- Assignment: Nothing outside the range is to be copied. From the entries below, reproduce exactly the lines starting at the one with "Secondary school and" and ending at the one with "Municipalities of county Buskerud, Norway", without pictures.

- Source material:
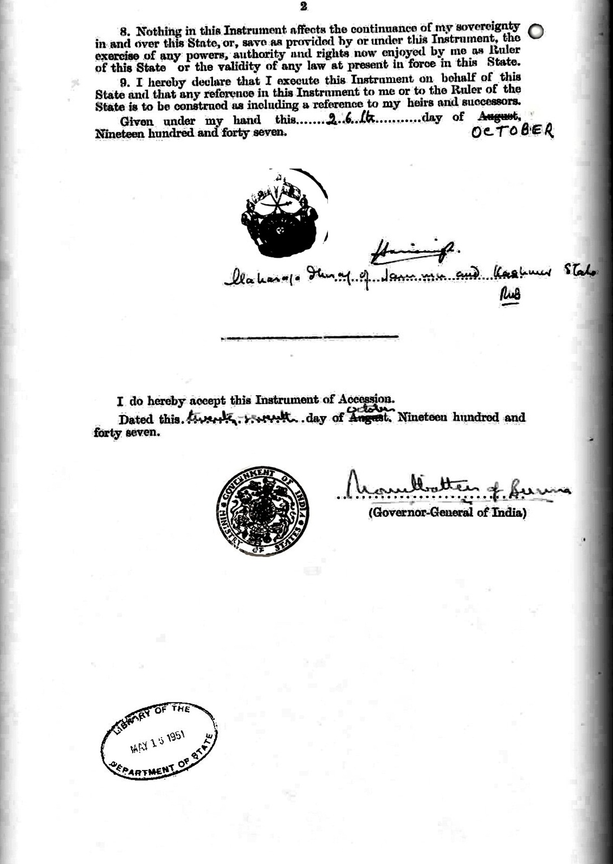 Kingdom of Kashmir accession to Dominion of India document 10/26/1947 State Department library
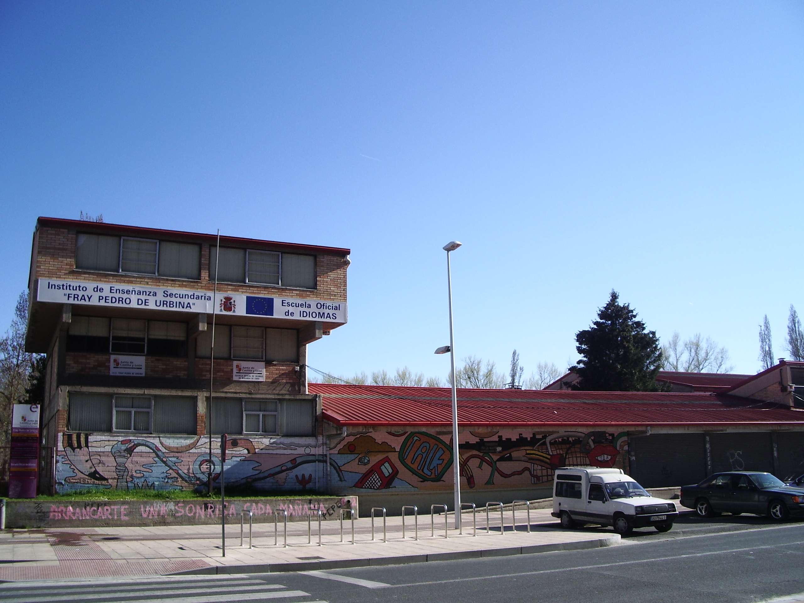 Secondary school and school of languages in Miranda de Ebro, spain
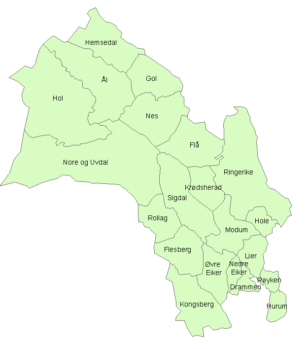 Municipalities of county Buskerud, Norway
---
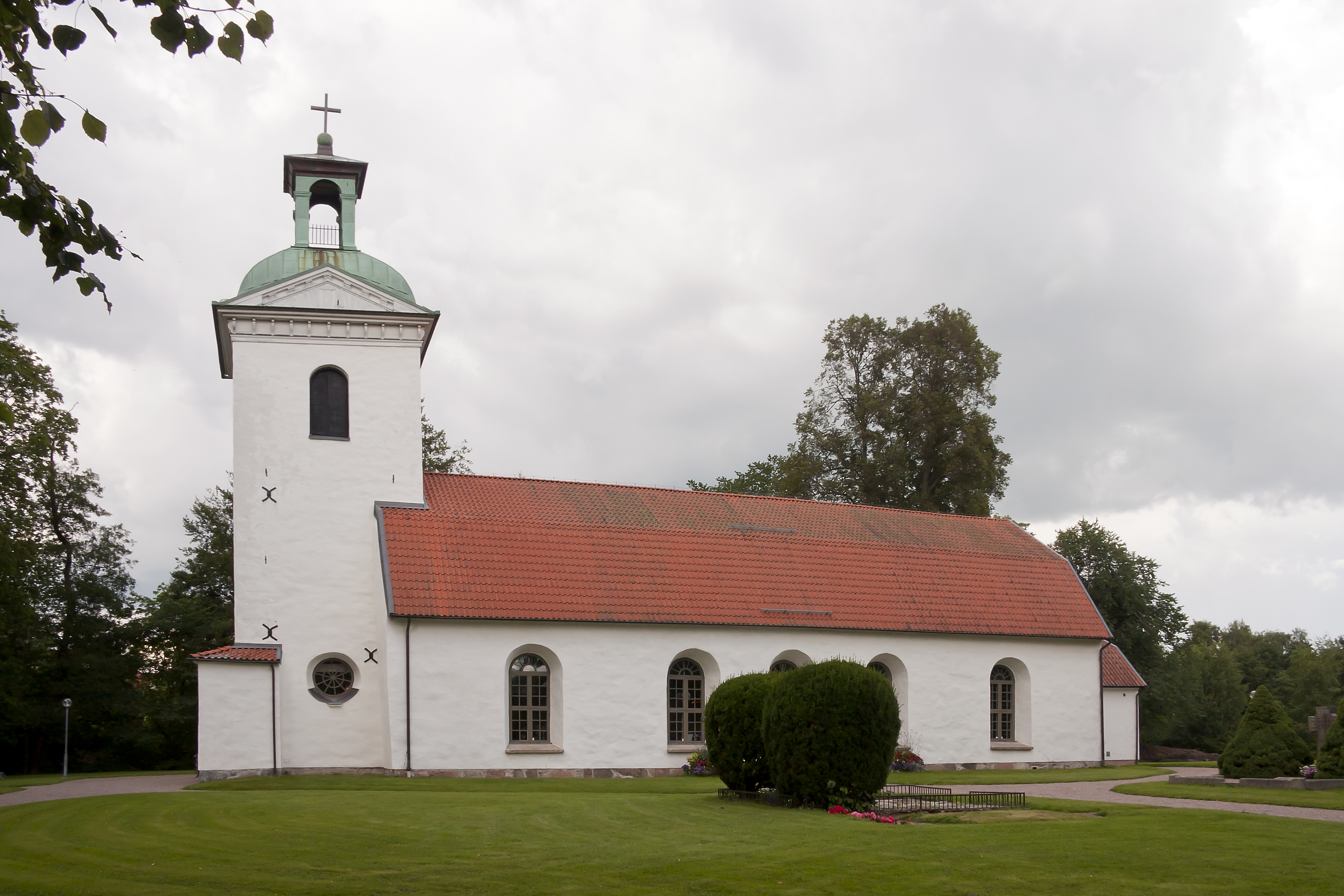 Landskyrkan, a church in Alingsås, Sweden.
---
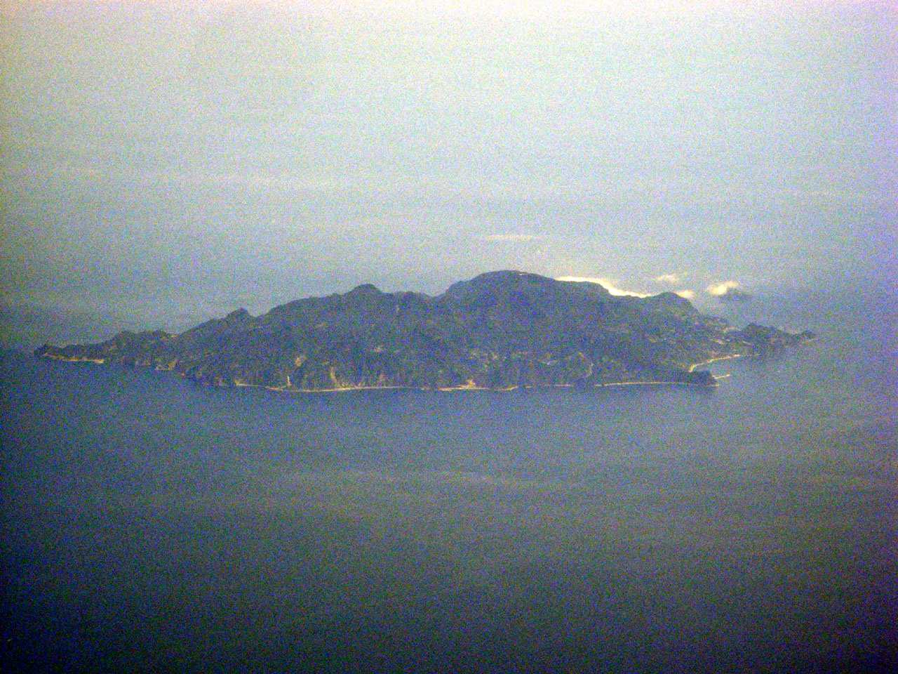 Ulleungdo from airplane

- Output for this task:
 Secondary school and school of languages in Miranda de Ebro, spain
 Municipalities of county Buskerud, Norway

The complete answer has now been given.